(STORED DATA)

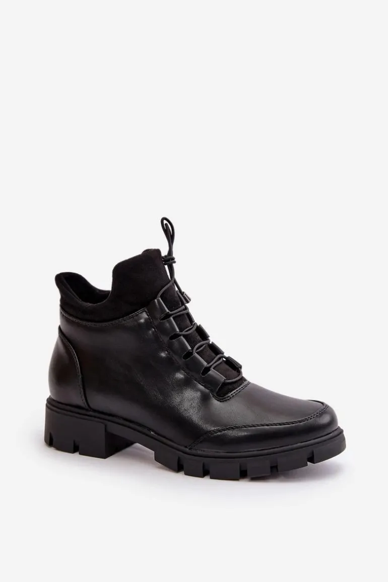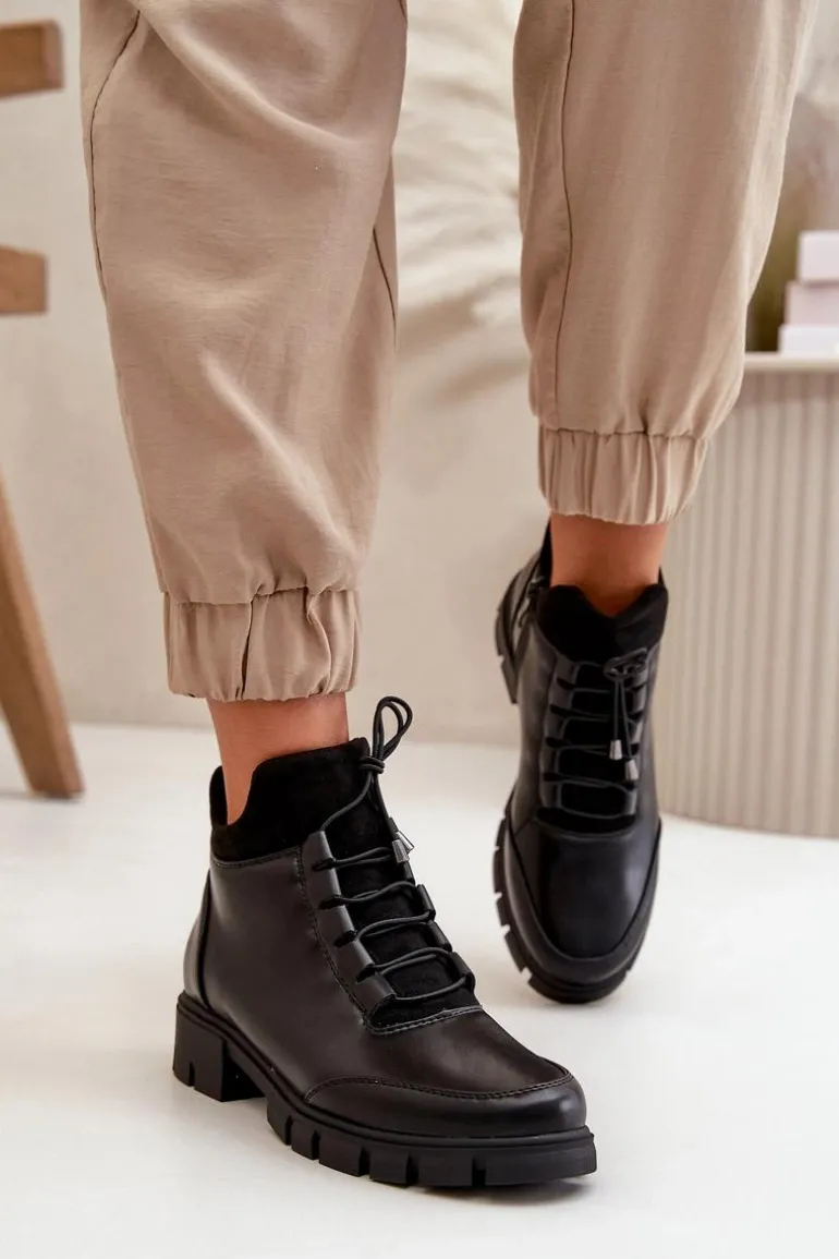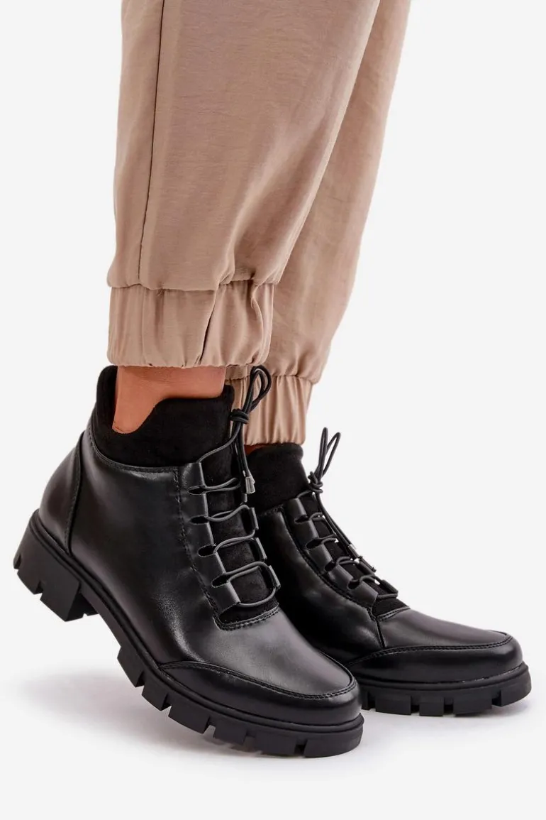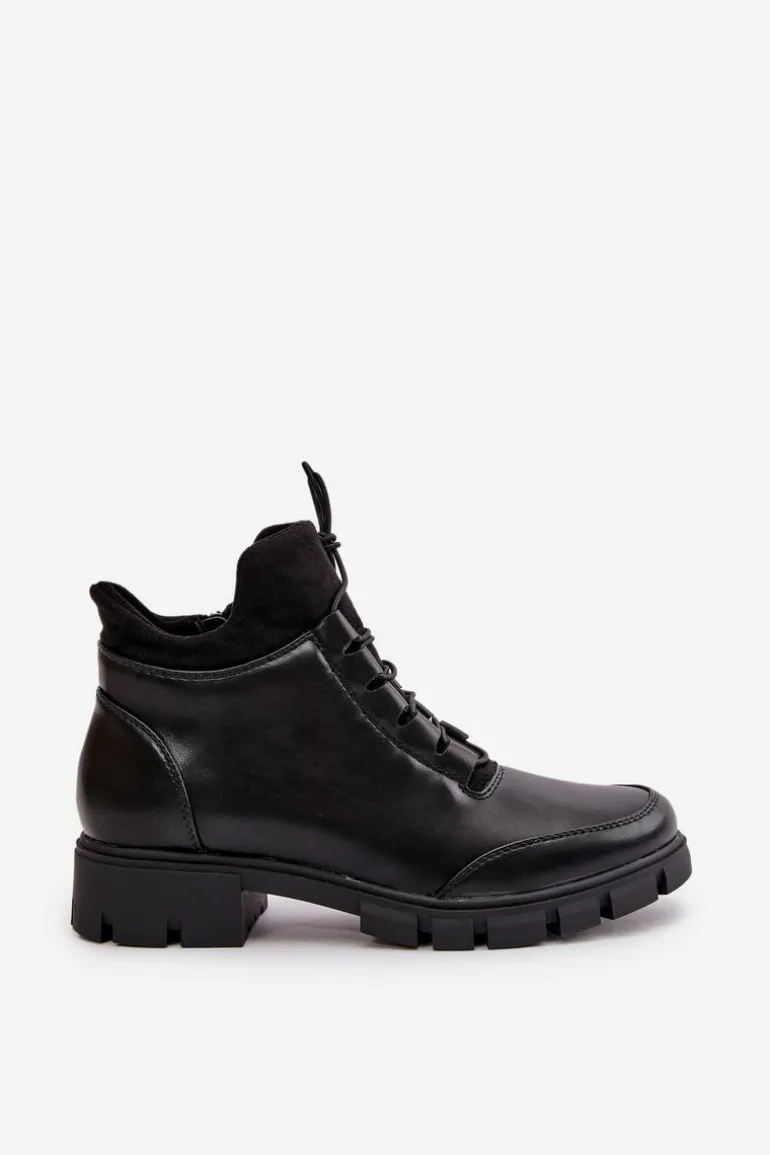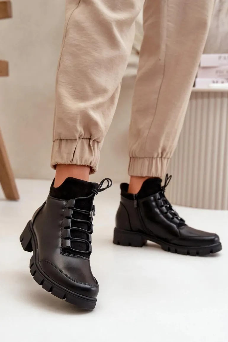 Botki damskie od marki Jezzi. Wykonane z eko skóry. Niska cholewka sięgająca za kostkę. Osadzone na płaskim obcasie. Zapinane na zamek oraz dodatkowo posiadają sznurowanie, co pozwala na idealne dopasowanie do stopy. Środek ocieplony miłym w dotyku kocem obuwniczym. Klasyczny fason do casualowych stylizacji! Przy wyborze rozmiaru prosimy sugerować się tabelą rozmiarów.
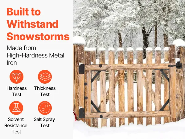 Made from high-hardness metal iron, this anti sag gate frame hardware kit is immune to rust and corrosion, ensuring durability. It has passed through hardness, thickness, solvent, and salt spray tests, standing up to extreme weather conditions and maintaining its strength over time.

(End STORED DATA)
(STORED DATA)

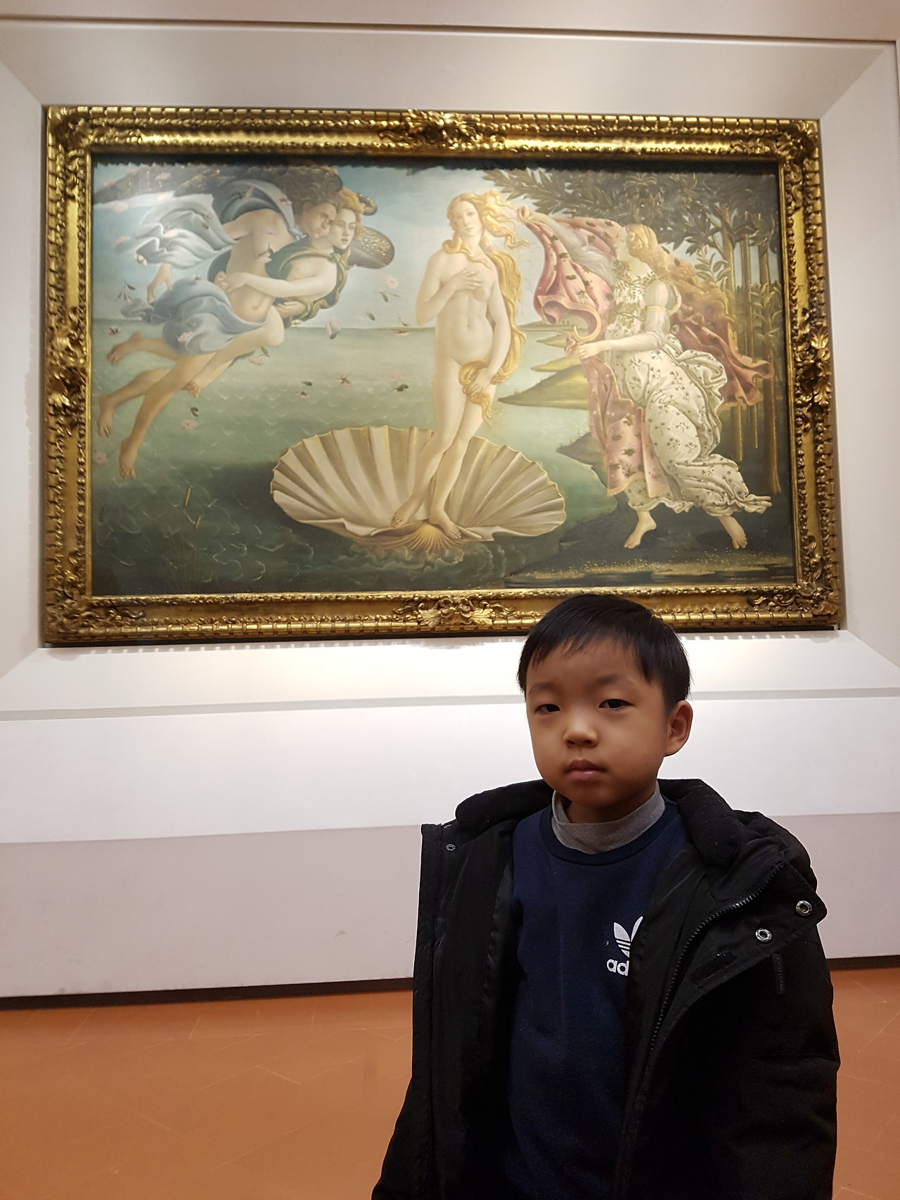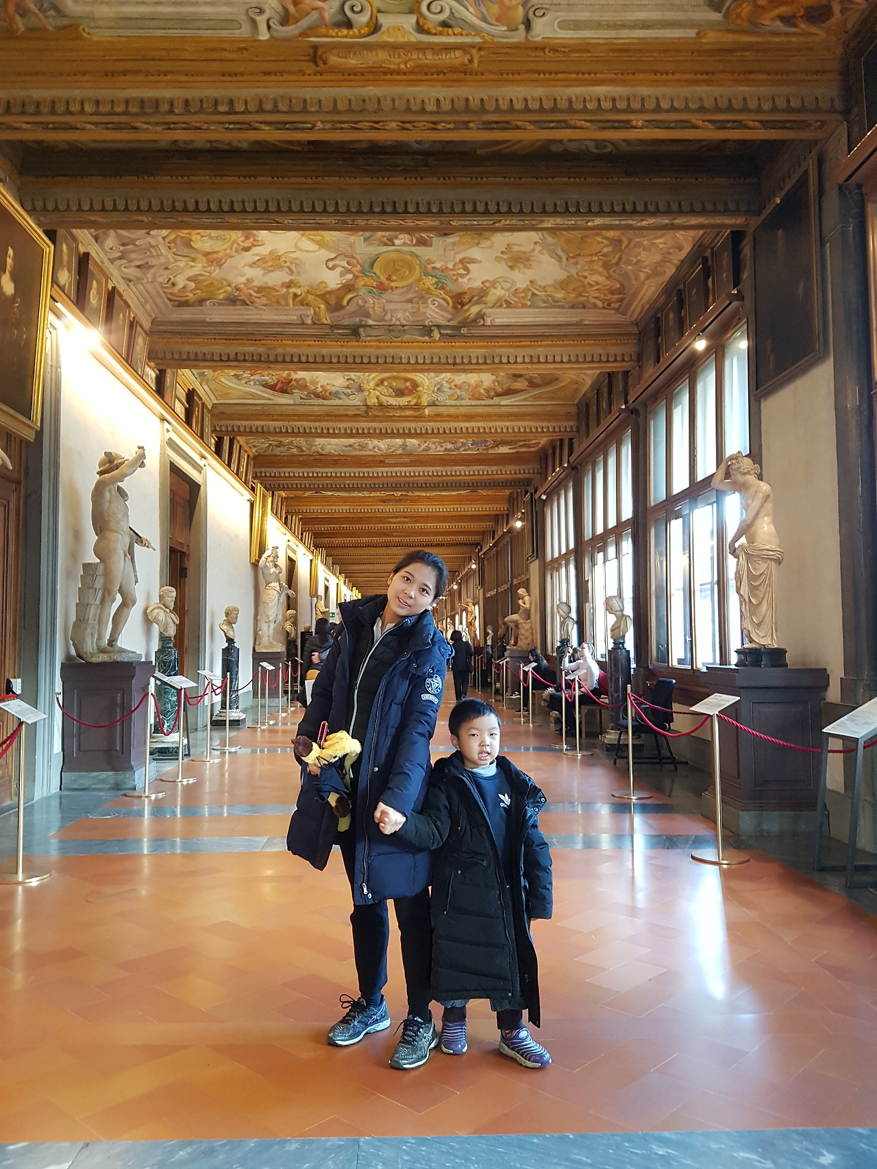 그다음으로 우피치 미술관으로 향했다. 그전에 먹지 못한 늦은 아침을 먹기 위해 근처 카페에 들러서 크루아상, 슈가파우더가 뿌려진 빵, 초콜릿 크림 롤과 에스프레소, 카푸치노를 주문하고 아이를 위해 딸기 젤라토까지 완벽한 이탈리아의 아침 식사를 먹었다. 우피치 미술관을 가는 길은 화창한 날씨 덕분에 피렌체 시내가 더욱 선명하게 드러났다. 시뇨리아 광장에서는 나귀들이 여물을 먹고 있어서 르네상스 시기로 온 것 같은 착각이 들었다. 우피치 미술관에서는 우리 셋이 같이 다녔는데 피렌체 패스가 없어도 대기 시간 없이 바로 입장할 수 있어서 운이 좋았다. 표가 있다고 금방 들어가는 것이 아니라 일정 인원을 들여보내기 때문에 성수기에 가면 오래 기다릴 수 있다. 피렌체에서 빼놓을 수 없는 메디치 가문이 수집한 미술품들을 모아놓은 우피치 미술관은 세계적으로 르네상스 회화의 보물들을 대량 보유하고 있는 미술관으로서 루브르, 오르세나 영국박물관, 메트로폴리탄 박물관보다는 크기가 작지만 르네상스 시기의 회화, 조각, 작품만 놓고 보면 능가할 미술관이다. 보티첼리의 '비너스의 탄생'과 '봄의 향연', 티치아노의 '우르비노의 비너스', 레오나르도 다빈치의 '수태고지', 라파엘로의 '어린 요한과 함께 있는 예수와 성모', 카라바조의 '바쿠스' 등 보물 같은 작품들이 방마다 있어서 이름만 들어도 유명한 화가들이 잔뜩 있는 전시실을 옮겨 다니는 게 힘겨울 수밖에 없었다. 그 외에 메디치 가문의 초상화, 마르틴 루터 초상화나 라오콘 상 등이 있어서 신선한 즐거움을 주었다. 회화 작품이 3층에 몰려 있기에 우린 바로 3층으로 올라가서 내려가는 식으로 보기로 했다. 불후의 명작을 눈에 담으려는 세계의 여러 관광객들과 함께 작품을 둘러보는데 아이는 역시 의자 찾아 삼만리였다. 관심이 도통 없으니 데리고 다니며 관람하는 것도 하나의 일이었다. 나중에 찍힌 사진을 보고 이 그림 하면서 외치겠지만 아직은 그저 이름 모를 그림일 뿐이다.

(End STORED DATA)
(STORED DATA)

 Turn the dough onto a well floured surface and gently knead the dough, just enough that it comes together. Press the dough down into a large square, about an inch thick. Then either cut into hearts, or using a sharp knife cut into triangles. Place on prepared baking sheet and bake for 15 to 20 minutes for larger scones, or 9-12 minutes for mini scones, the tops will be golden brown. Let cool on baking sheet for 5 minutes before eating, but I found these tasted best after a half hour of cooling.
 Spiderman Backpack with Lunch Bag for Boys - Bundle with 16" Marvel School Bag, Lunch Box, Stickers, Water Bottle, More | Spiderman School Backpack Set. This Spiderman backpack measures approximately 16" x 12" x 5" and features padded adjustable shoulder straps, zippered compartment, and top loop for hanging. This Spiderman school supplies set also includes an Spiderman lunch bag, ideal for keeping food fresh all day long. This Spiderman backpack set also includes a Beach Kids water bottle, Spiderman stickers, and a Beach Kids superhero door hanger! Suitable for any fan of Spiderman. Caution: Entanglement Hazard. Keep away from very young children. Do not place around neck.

(End STORED DATA)

REQUIRED WORK. Leaving out each picture, repeat exactly the lines above from the one that contains "Botki damskie od" through the one that contains "Made from high-hardness".

PROBLEM SOLUTION.
 Botki damskie od marki Jezzi. Wykonane z eko skóry. Niska cholewka sięgająca za kostkę. Osadzone na płaskim obcasie. Zapinane na zamek oraz dodatkowo posiadają sznurowanie, co pozwala na idealne dopasowanie do stopy. Środek ocieplony miłym w dotyku kocem obuwniczym. Klasyczny fason do casualowych stylizacji! Przy wyborze rozmiaru prosimy sugerować się tabelą rozmiarów.
 Made from high-hardness metal iron, this anti sag gate frame hardware kit is immune to rust and corrosion, ensuring durability. It has passed through hardness, thickness, solvent, and salt spray tests, standing up to extreme weather conditions and maintaining its strength over time.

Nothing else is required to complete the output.